GPT prompts principles backed by testing

1. Use Direct, Non-Polite Prompting

Description: Skip fluff like greetings or politeness—jump straight to what you want. Think of it like giving orders to a tool, not chatting with a friend. Why It Works: Reduces token waste and focuses the LLM on the core task, improving efficiency (per studies on prompt brevity in models like GPT-4 and Grok). Example: Instead of “Could you please explain quantum computing politely?”, use: “Explain quantum computing. No fluff.”

2. Get Straight to the Point

Description: Avoid phrases like “I would like…”—state your request clearly and immediately, as if you’re an expert briefing another expert. Why It Works: Minimizes ambiguity and aligns with zero-shot prompting, where concise inputs yield precise outputs. Example: “Generate a React component for a responsive navbar using Tailwind CSS. Include hooks for state management.”

3. Break Down Complex Tasks

Description: Split big jobs into smaller steps, prompting interactively like a conversation where each response builds on the last. Why It Works: Mirrors iterative development in engineering; latest CoT variants use this for complex reasoning without overwhelming the model. Example: First prompt: “Outline steps to build a full-stack app with Next.js and MongoDB.” Follow-up: “Now expand step 3: Set up API routes.”

4. Embrace Precision

Description: Use exact words, avoid vague terms like “blah,” and focus on positive, specific instructions to guide the LLM tightly. Why It Works: Precision reduces hallucinations; recent benchmarks show it boosts accuracy in factual or technical tasks.

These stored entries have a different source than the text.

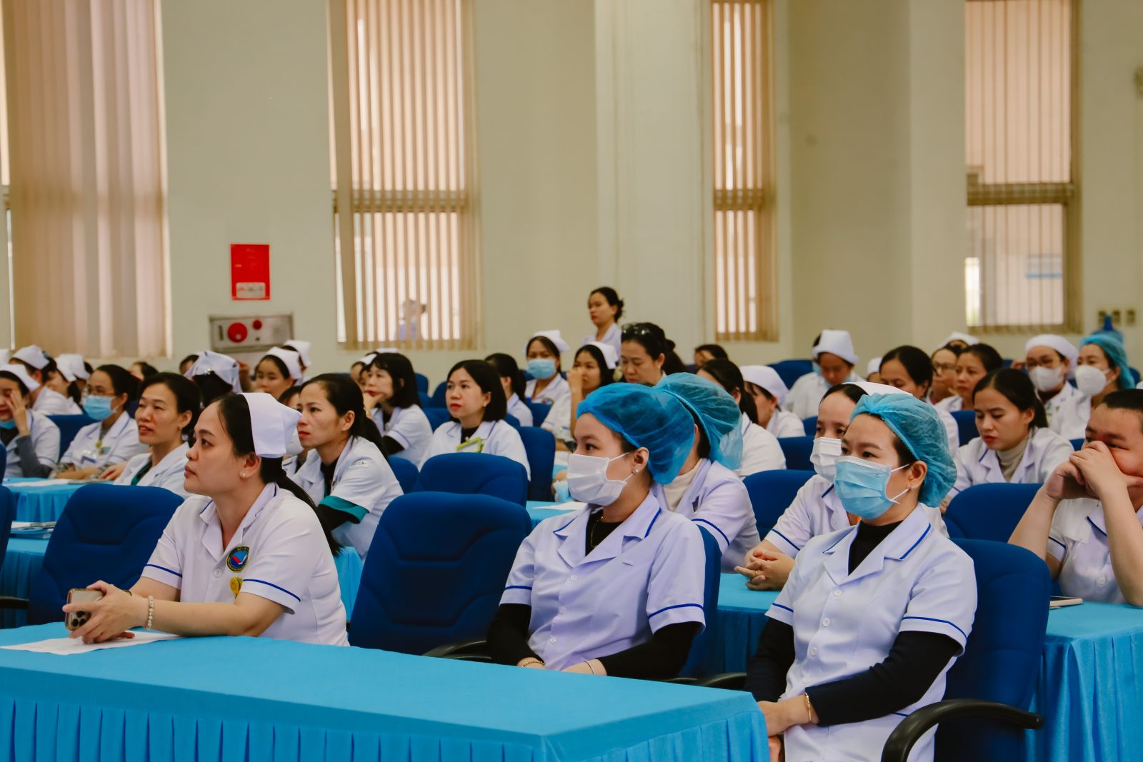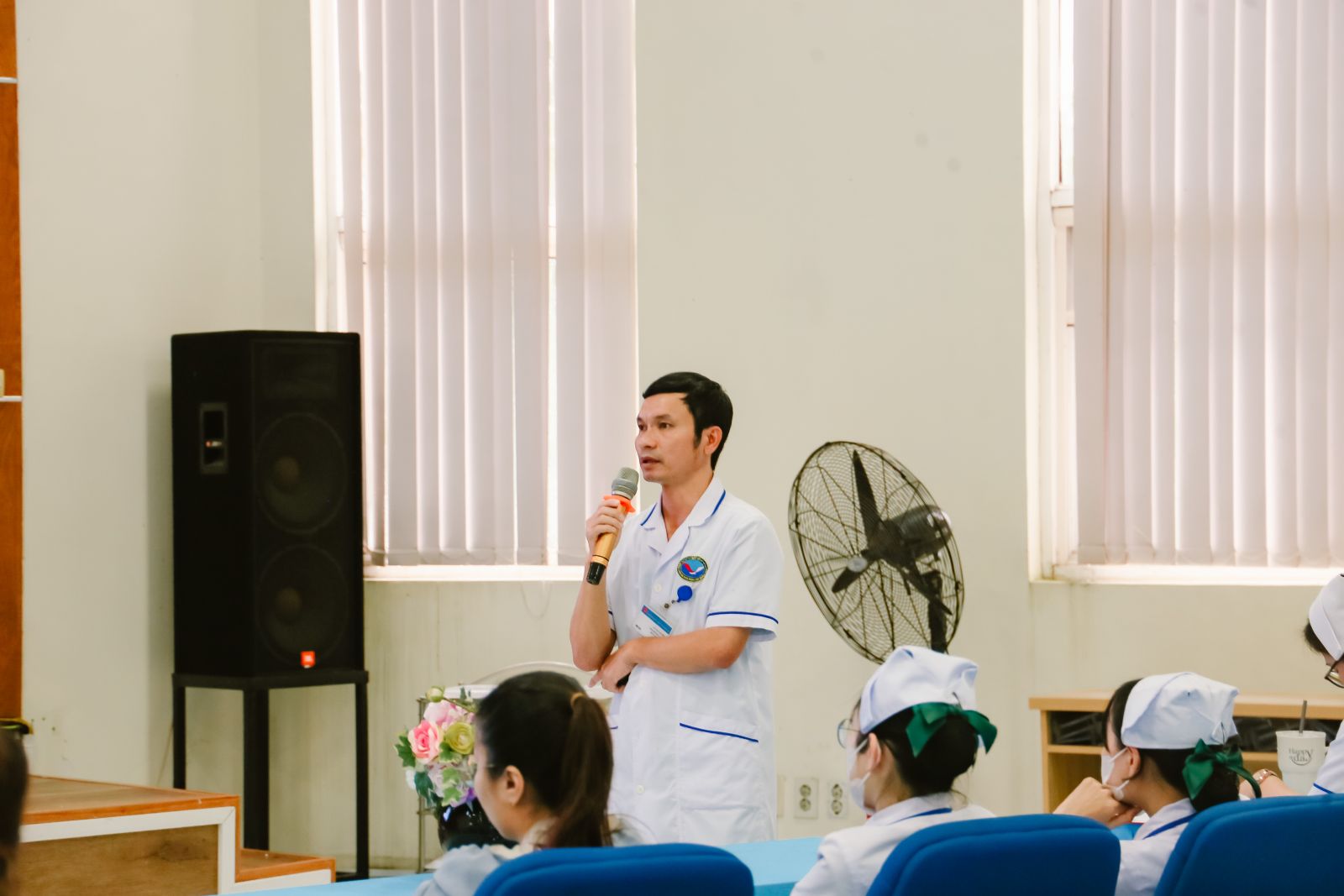 Buổi sinh hoạt do CN. Huỳnh Thị Tư, Phó Trưởng phòng Điều dưỡng chủ trì. Khoảng 90 điều dưỡng, hộ sinh và kỹ thuật viên từ các khoa lâm sàng tham dự.
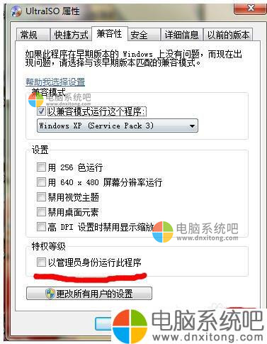 3、在面板中找到兼容性,然后勾选掉以兼容方式运行程序,同时也可以选择下面的以管理员身份运行程序。设置完成之后确认应用就ok了。
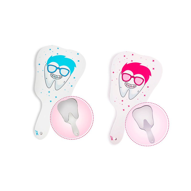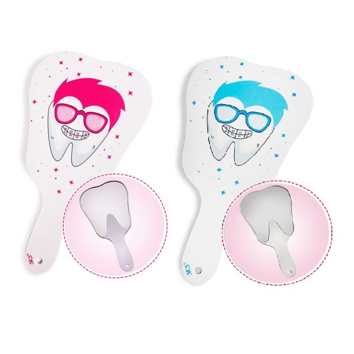 El espejo de mano, diseñado con forma de muela, es una herramienta precisa para mostrar a los clientes los resultados. Sus dimensiones son 14 cm de ancho por 24.5 cm de alto, lo que lo convierte en un accesorio perfecto para una visibilidad clara y efectiva. La forma distintiva de muela no solo optimiza la función práctica, sino que también mejora la experiencia del usuario.
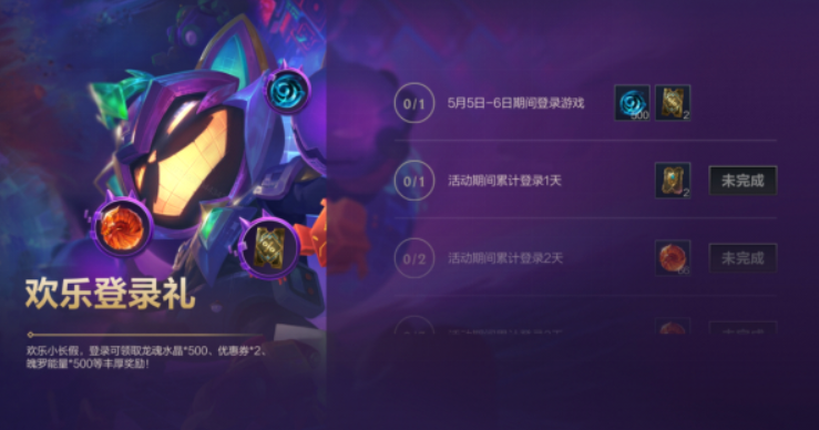 满足条件即可领取龙魂水晶*500、欢乐登录礼皮肤抵扣券*2、魄罗能量*500等丰厚奖励!
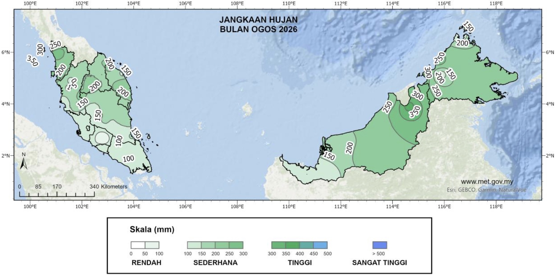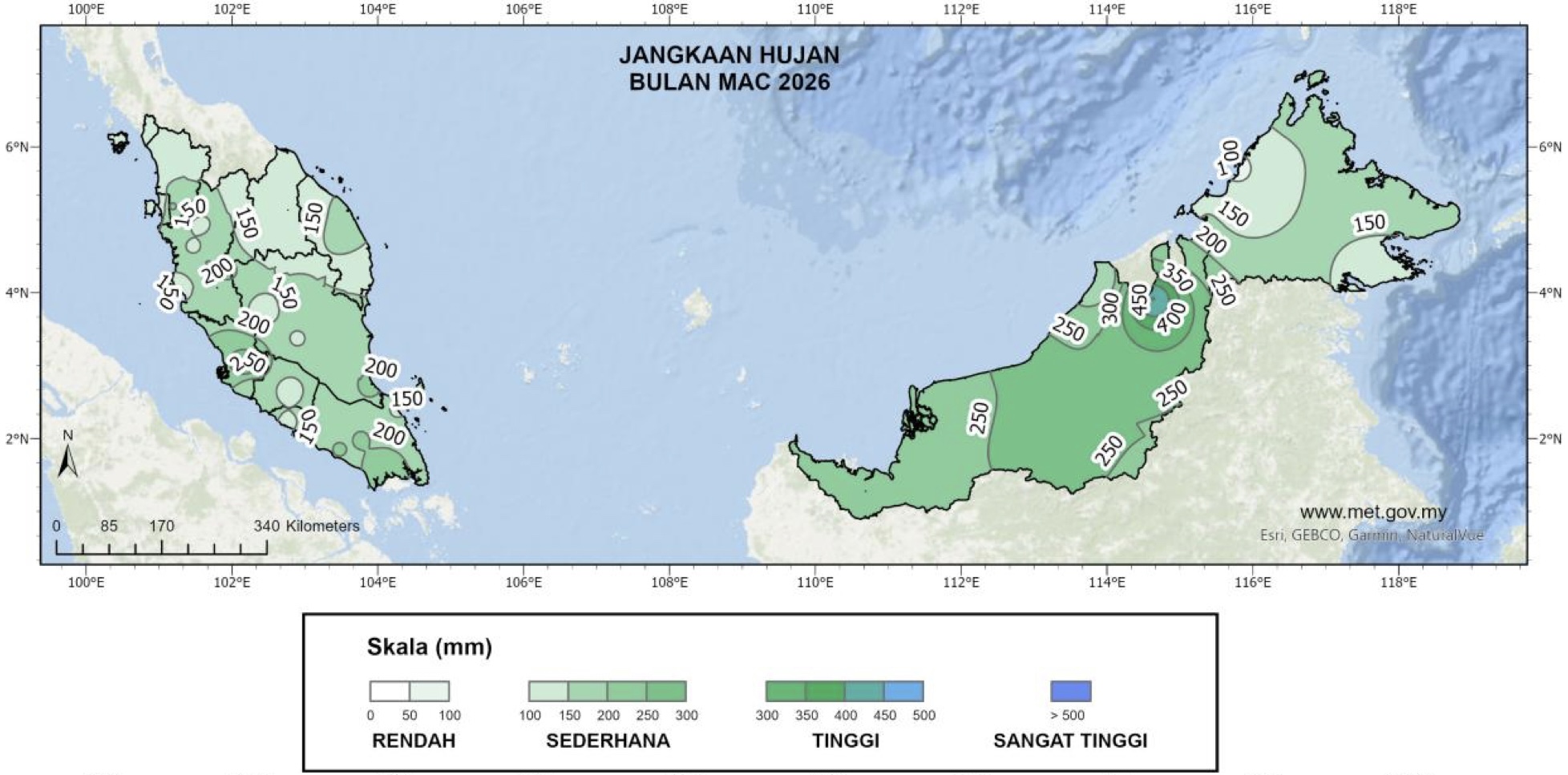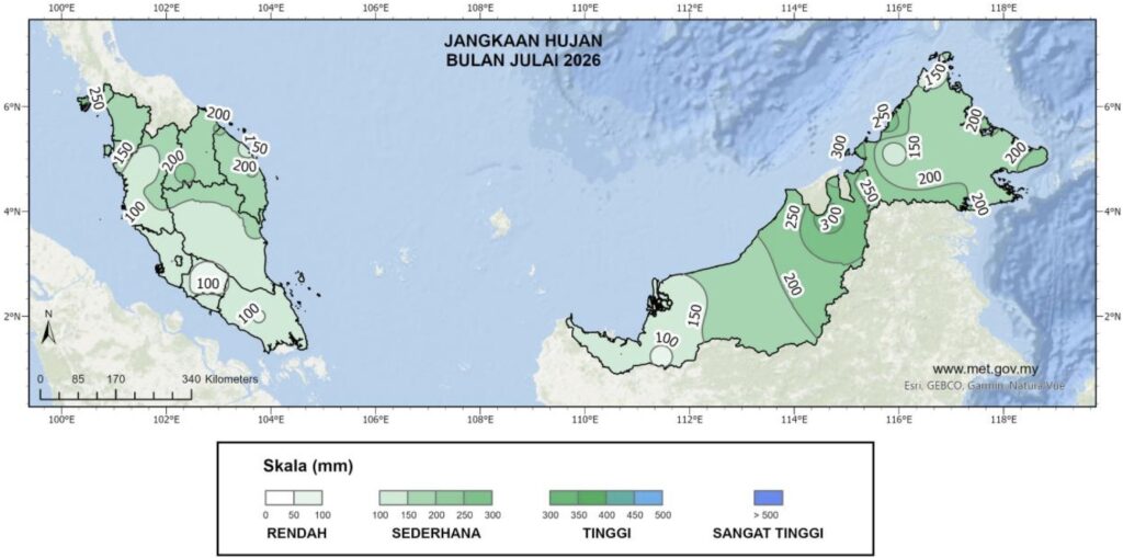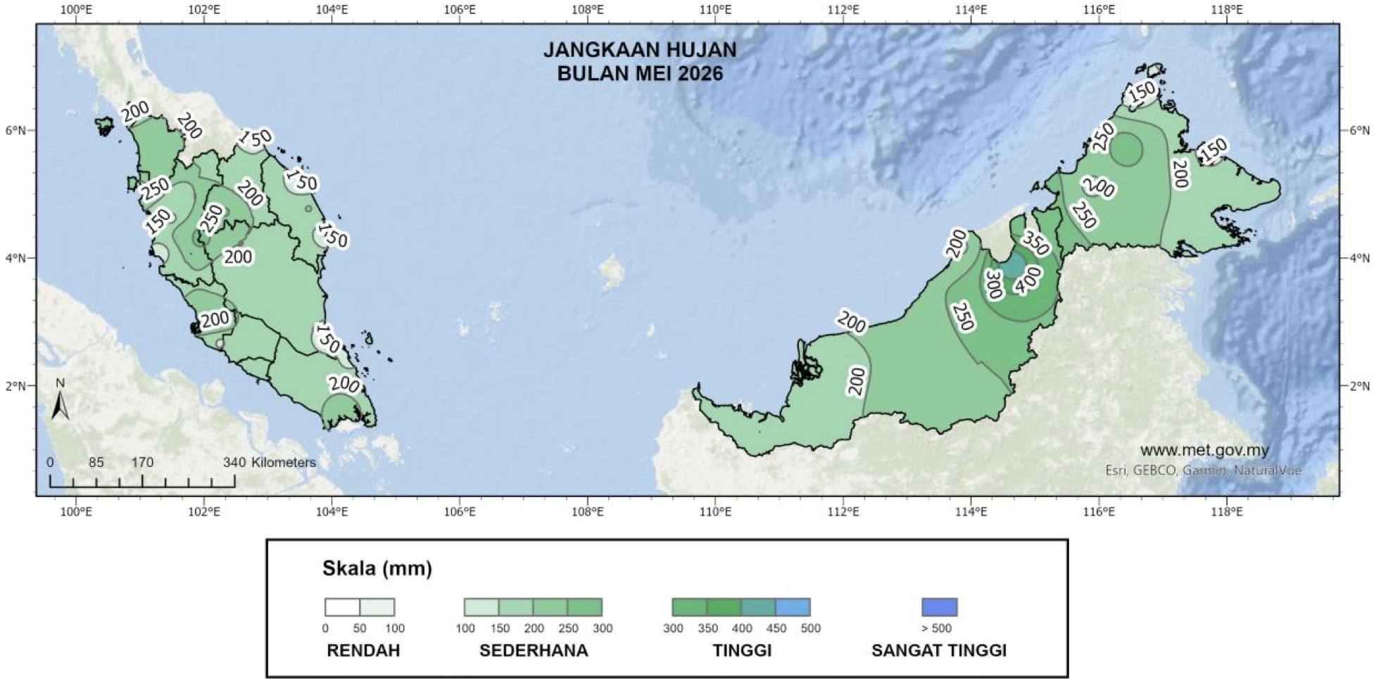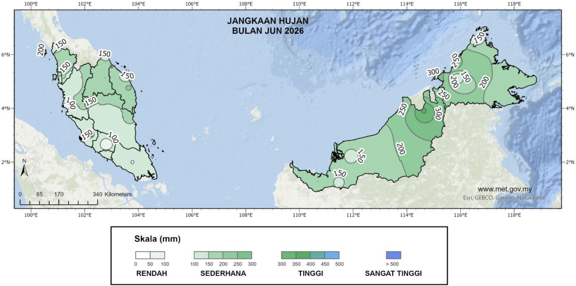 サラワク州、九州、マラッカ州、ジョホール州では2026年6月以降、セランゴール州、KL、プトラジャヤでは7月以降、継続的な降雨量の減少が予想されており、乾燥による火災に注意してください。同期間には、野焼きによるヘイズ (煙害) の発生も予想されます。

Example: “Calculate the area of a circle with radius 5. Use formula \(A = \pi r^2\). Output in JSON: {‘area’: value}.”

5. Explain Like I’m 11 (ELI11)

Description: Simplify concepts to a smart kid’s level—use everyday examples, short sentences, and analogies without dumbing down the core idea. Why It Works: Builds understanding step-by-step; combines with CoT for educational prompts. Example: “Explain blockchain like I’m 11: Use a lemonade stand analogy. Then add a test with 3 questions, no answers.”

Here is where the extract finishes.